**Exercise**. Output all of the data below without changing a word, and exclude the pictures.

Extracted data entries
__________________________________________________

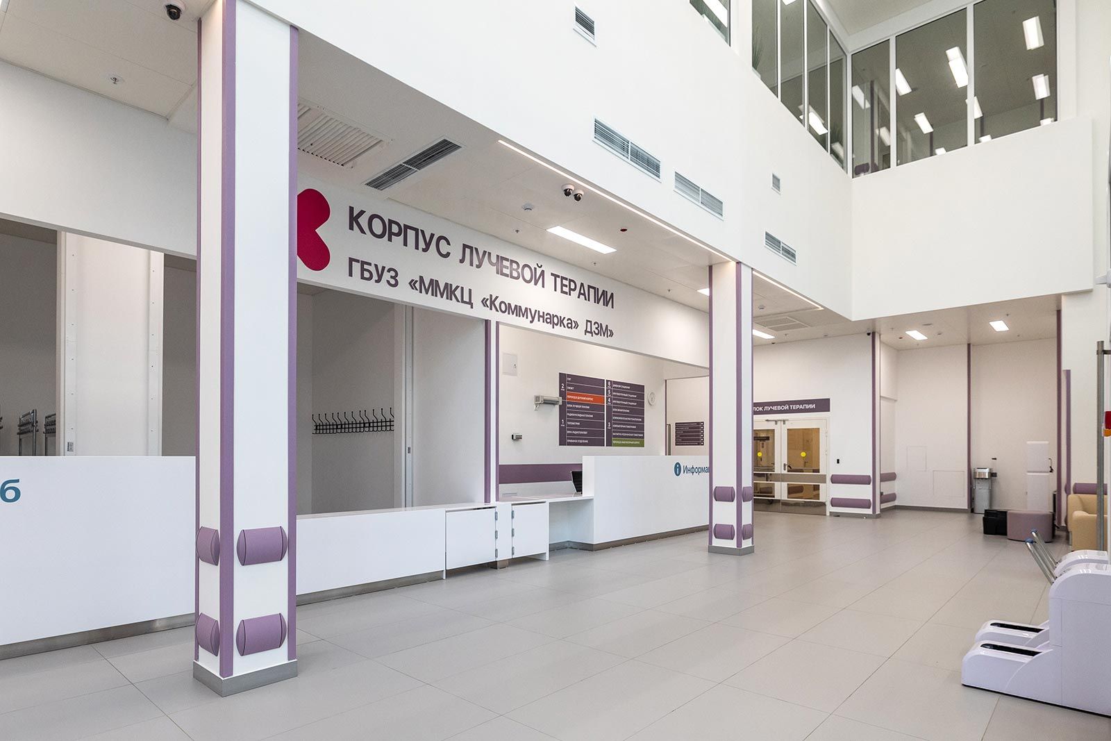 Отделение лучевой терапии оснащено уникальным комплексом из трех линейных ускорителей для выполнения сверхточной дистанционной 3D- и 4D-лучевой терапии. Имеется диагностический блок с аппаратами компьютерной и магнитно-резонансной томографии (КТ и МРТ) для составления индивидуального плана лечения, в том числе для подготовки к проведению лучевой терапии, а также блок близкофокусной рентгенотерапии, где лечат поверхностно расположенные опухоли, например новообразования кожи, и блок брахитерапии — это метод лучевой терапии с использованием радиоактивного источника, который подводится непосредственно в опухоль.
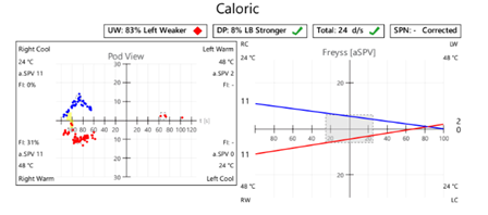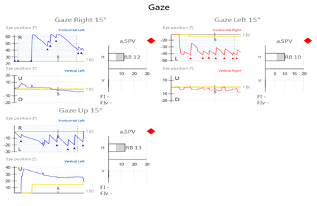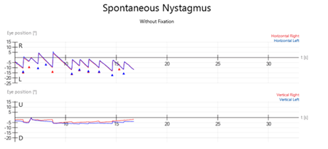 Results of Video-Nystagmography (VNG), revealed pendular, randomized pursuit and bi-directional optokinetic reflex testing and all within normal limits indicative of intact ocular motility. In vision denied, a spontaneous right beat nystagmus was observed. This nystagmus was direction fixed and enhanced in accordance with Alexanders Law; Figures 6&7. It also enhanced post high frequency head shake and suppressed with visual fixation. Modified Hallpike (mHallpike) testing revealed an upbeat rotary torsional, geotropic nystagmus which fatigued in 15 seconds in the left positioning, consisted with left ear PC-BPPV. Positional studies were otherwise unremarkable for any clinically significant nystagmus. Bithermal caloric air irrigations yielded a significant left unilateral weakness of 83%. Fixation index was intact; (Figure 8).4–10
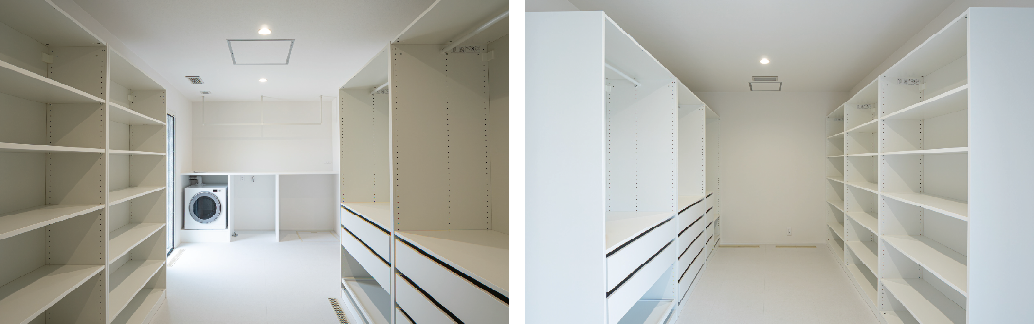 ランドリールームにはIKEAの収納を設け、乾太くんで乾かした洗濯物をその場で畳み、すぐにしまえるよう家事動線に配慮しました。
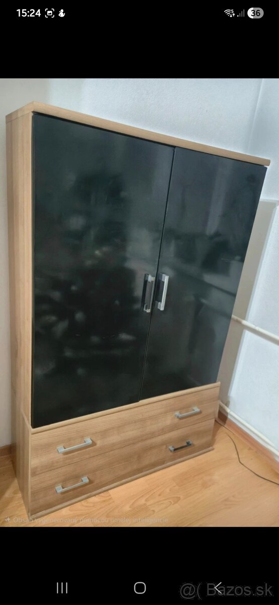 Obývacia TV stena + šatníková skriňa - [4.1. 2026]Dobrý deň, ponúkam tv stenu a šatníkovú skriňu, rozmery na fotke. Nábytok je možné zakúpiť aj zvlášť.Skriňa/70eur a stena/50 eur. Dekor je korpus biely mat a čierny lesk. Nábytok ideálny do študentskej izby.Tv stena je už v demonte, skriňa nie.Po dohode vieme priniesť na trase NZ-KN
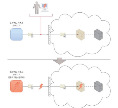 클라우드 서비스 소비자에 의해 사용된 안전도가 낮은 비밀번호에 의해 공격자가 소유한 악성 클라우드 서비스 소비자는 클라우드 기반 가상 서버로의 접근을 얻기 위해 클라우드 서비스 소비자인척 하도록 보일 수 있다.
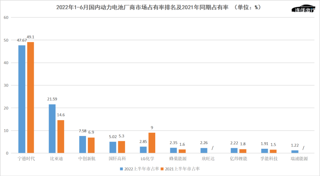 2022年1-6月國(guó)內(nèi)動(dòng)力電池廠商市場(chǎng)占有率排名及2021年同期占有率,數(shù)據(jù)來源于中國(guó)汽車動(dòng)力電池產(chǎn)業(yè)創(chuàng)新聯(lián)盟,連線出行制圖
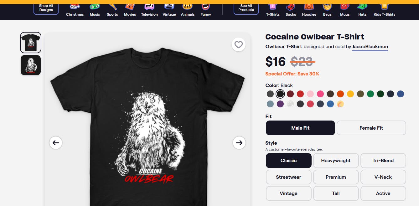 Hey -if you're looking for a present for that hard to shop for cranky uncle this Christmas - our cover artist, Jacob Blackmon, has created a Cocaine Owlbear T-shirt and it's on sale right now for just $16 or so
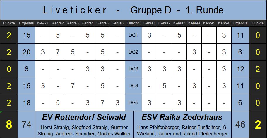 EV Rottendorf Seiwald wird unverändert an den Start gehen - und wie könnte es anders sein - beim "ESV Stranig" stehen gleich fünf Stranigs in der Kaderliste. Günther Stranig wird gemeinsam mit Andreas Spendier, Horst Stranig und Markus Wallner im ersten Heimspiel auf neuer Anlage gegen den ESV Zederhaus antreten.
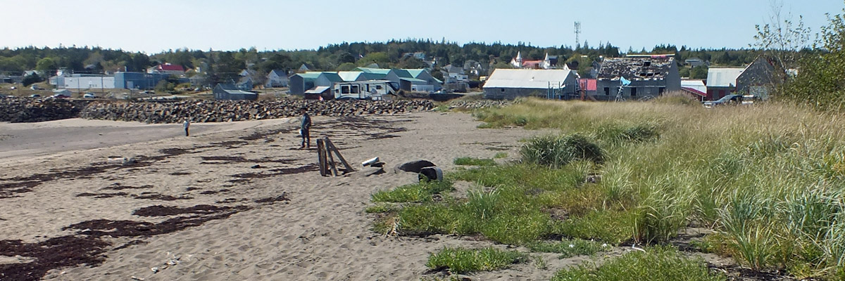 Tuesday 16 September 2025--Lazy morning...we stayed up a little too late last night, and maybe had a beer too many. Get out a bit late and walk down into the village, then out through the old smoke houses to the beach. Grand Manan was purportedly at one time the largest supplier of smoked herring in the world. A century ago, sheds like this dotted the whole eastern coast of the island. This is the best remaining concentration of them, now quietly decaying, the last of them having closed up just thirty years ago. It's a shame...it would make a nice little artist colony, or something. Grand Manan is too remote, I guess.
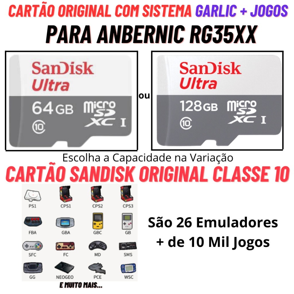 Cartão Original para Anbernic RG35xx 2023 Com GarlicOs + Roons Sandisk Original Classe 10
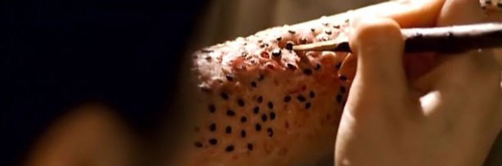 This happens a couple times until the mother, genuinely worried that something was wrong, managed to get into the bathroom only to find the horrific sight of her daughter frantically picking at the sesame seeds deeply embedded in her open pores and repeatedly muttering "wait a minute" to herself.
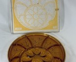 Primary image for Vintage Indiana Amber Round Divided Glass Deviled Egg/Relish Dish W/Original Box
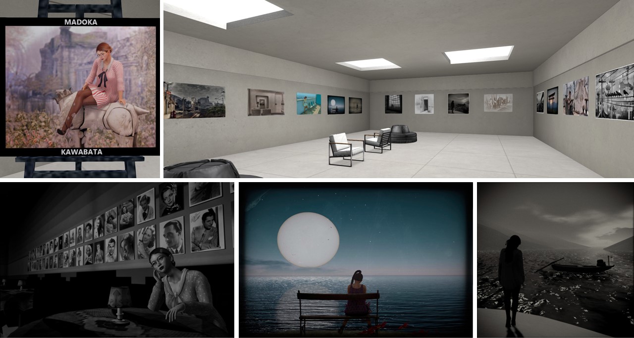 On the 1st floor to the right you find the art of Myra Wildmist. According the the theme of the July exhibtion, Myra presents portraits, female portraits. One wall shows portraits of different characters and ethnics with different techniques for portraits, another wall is dedicated to females as an element of highlightening an otherwise boring landscape or background. I personally like her self portrait, which she presents herself with 3 different filter settings – quite a difference in my opinion, and proving what can be done within Second Life photography using simple filters.

__________________________________________________

**Written answer**.
 Отделение лучевой терапии оснащено уникальным комплексом из трех линейных ускорителей для выполнения сверхточной дистанционной 3D- и 4D-лучевой терапии. Имеется диагностический блок с аппаратами компьютерной и магнитно-резонансной томографии (КТ и МРТ) для составления индивидуального плана лечения, в том числе для подготовки к проведению лучевой терапии, а также блок близкофокусной рентгенотерапии, где лечат поверхностно расположенные опухоли, например новообразования кожи, и блок брахитерапии — это метод лучевой терапии с использованием радиоактивного источника, который подводится непосредственно в опухоль.
 Results of Video-Nystagmography (VNG), revealed pendular, randomized pursuit and bi-directional optokinetic reflex testing and all within normal limits indicative of intact ocular motility. In vision denied, a spontaneous right beat nystagmus was observed. This nystagmus was direction fixed and enhanced in accordance with Alexanders Law; Figures 6&7. It also enhanced post high frequency head shake and suppressed with visual fixation. Modified Hallpike (mHallpike) testing revealed an upbeat rotary torsional, geotropic nystagmus which fatigued in 15 seconds in the left positioning, consisted with left ear PC-BPPV. Positional studies were otherwise unremarkable for any clinically significant nystagmus. Bithermal caloric air irrigations yielded a significant left unilateral weakness of 83%. Fixation index was intact; (Figure 8).4–10
 ランドリールームにはIKEAの収納を設け、乾太くんで乾かした洗濯物をその場で畳み、すぐにしまえるよう家事動線に配慮しました。
 Obývacia TV stena + šatníková skriňa - [4.1. 2026]Dobrý deň, ponúkam tv stenu a šatníkovú skriňu, rozmery na fotke. Nábytok je možné zakúpiť aj zvlášť.Skriňa/70eur a stena/50 eur. Dekor je korpus biely mat a čierny lesk. Nábytok ideálny do študentskej izby.Tv stena je už v demonte, skriňa nie.Po dohode vieme priniesť na trase NZ-KN
 클라우드 서비스 소비자에 의해 사용된 안전도가 낮은 비밀번호에 의해 공격자가 소유한 악성 클라우드 서비스 소비자는 클라우드 기반 가상 서버로의 접근을 얻기 위해 클라우드 서비스 소비자인척 하도록 보일 수 있다.
 2022年1-6月國(guó)內(nèi)動(dòng)力電池廠商市場(chǎng)占有率排名及2021年同期占有率,數(shù)據(jù)來源于中國(guó)汽車動(dòng)力電池產(chǎn)業(yè)創(chuàng)新聯(lián)盟,連線出行制圖
 Hey -if you're looking for a present for that hard to shop for cranky uncle this Christmas - our cover artist, Jacob Blackmon, has created a Cocaine Owlbear T-shirt and it's on sale right now for just $16 or so
 EV Rottendorf Seiwald wird unverändert an den Start gehen - und wie könnte es anders sein - beim "ESV Stranig" stehen gleich fünf Stranigs in der Kaderliste. Günther Stranig wird gemeinsam mit Andreas Spendier, Horst Stranig und Markus Wallner im ersten Heimspiel auf neuer Anlage gegen den ESV Zederhaus antreten.
 Tuesday 16 September 2025--Lazy morning...we stayed up a little too late last night, and maybe had a beer too many. Get out a bit late and walk down into the village, then out through the old smoke houses to the beach. Grand Manan was purportedly at one time the largest supplier of smoked herring in the world. A century ago, sheds like this dotted the whole eastern coast of the island. This is the best remaining concentration of them, now quietly decaying, the last of them having closed up just thirty years ago. It's a shame...it would make a nice little artist colony, or something. Grand Manan is too remote, I guess.
 Cartão Original para Anbernic RG35xx 2023 Com GarlicOs + Roons Sandisk Original Classe 10
 This happens a couple times until the mother, genuinely worried that something was wrong, managed to get into the bathroom only to find the horrific sight of her daughter frantically picking at the sesame seeds deeply embedded in her open pores and repeatedly muttering "wait a minute" to herself.
 Primary image for Vintage Indiana Amber Round Divided Glass Deviled Egg/Relish Dish W/Original Box
 On the 1st floor to the right you find the art of Myra Wildmist. According the the theme of the July exhibtion, Myra presents portraits, female portraits. One wall shows portraits of different characters and ethnics with different techniques for portraits, another wall is dedicated to females as an element of highlightening an otherwise boring landscape or background. I personally like her self portrait, which she presents herself with 3 different filter settings – quite a difference in my opinion, and proving what can be done within Second Life photography using simple filters.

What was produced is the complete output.